Chinese giant Dacheng has kicked-started an election process for a new leadership team under a new governance and management structure.
Beijing-headquartered Dacheng, which is home to nearly 3,000 lawyers across 41 offices, is in the process of electing members for its top management line-up, which is made up of a 17-member partnership council, a five-member supervising committee and an executive committee. The executive committee will be appointed by the new partnership council at a later stage.
The election process is still in the early stages, with nominations underway. That process will end tomorrow (18 February). All of the firm’s 408 senior equity partners are eligible to self-nominate or be recommended by other senior equity partners for a leading role. Only the senior equity partners have the voting power for the management election.
The vote will take place on 21 March with the new management lineup stepping in on 1 April.

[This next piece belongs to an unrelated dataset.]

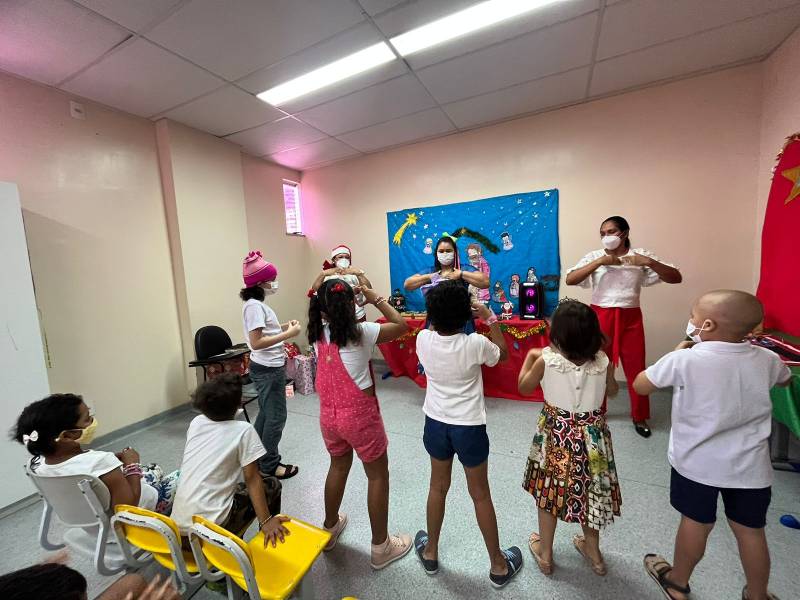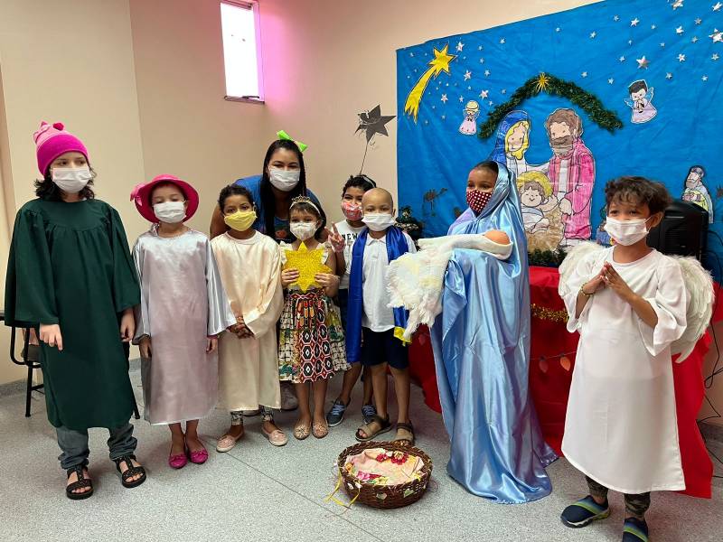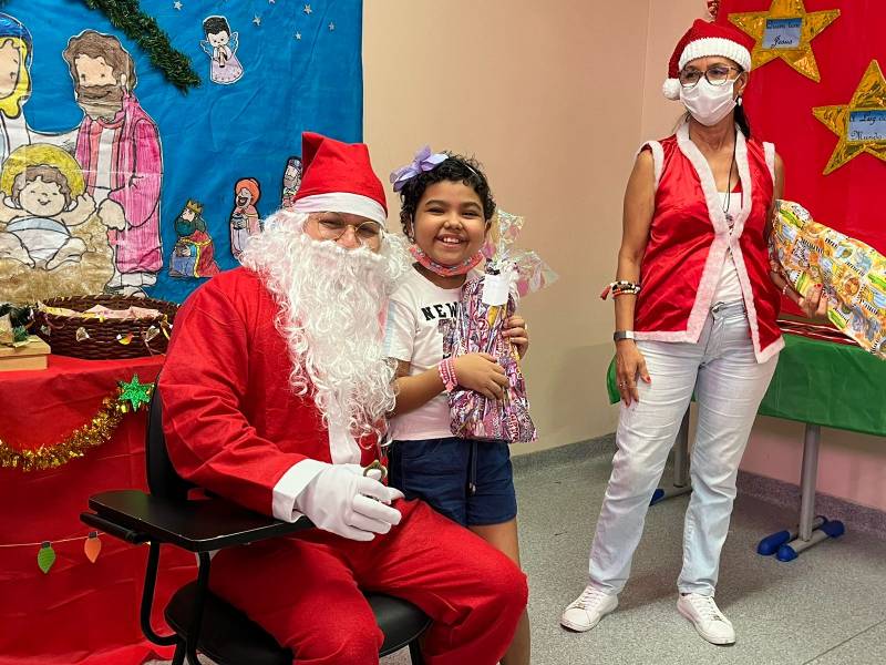Os brinquedos foram distribuídos nas clínicas de internação e na Classe Hospitalar Professor Roberto França, na sexta-feira (16). Na ocasião, os alunos-pacientes participaram de atividades lúdicas, aprenderam o verdadeiro significado do Natal, e encenaram as censa do presépio e do anúncio do anjo Gabriel à Maria sobre o nascimento de Jesus. Para completar o momento festivo, o Papai Noel chegou para entregar os presentes.

Currently, the firm is governed by a 15-strong management committee, chaired by long-serving managing partner Wang Zhongde and chairman Peng Xuefeng, the firm’s founder.
Wang has been a non-practising, full-time managing partner in 2004 and has been instrumental in Dacheng’s significant growth in the past five years. He has also led the initiatives in designing and implementing a modern management structure for Dacheng.
He will step down form the post at the end of March to retire from the firm.
Under the new structure, there will be no managing partner role. The newly introduced partnership council will become the firm’s decision-making body and the executive committee is responsible of implementing the decisions.
The firm has also changed the duration to each management term from the current two years to three.
It is the firm’s second firm-wide direct election, the first was held in 2012. Prior to that the Dacheng management committee was elected by the senior equity partners based in the Beijing head office. It is understood that Peng is widely tipped to be the most popular candidate for the chair of the partnership council.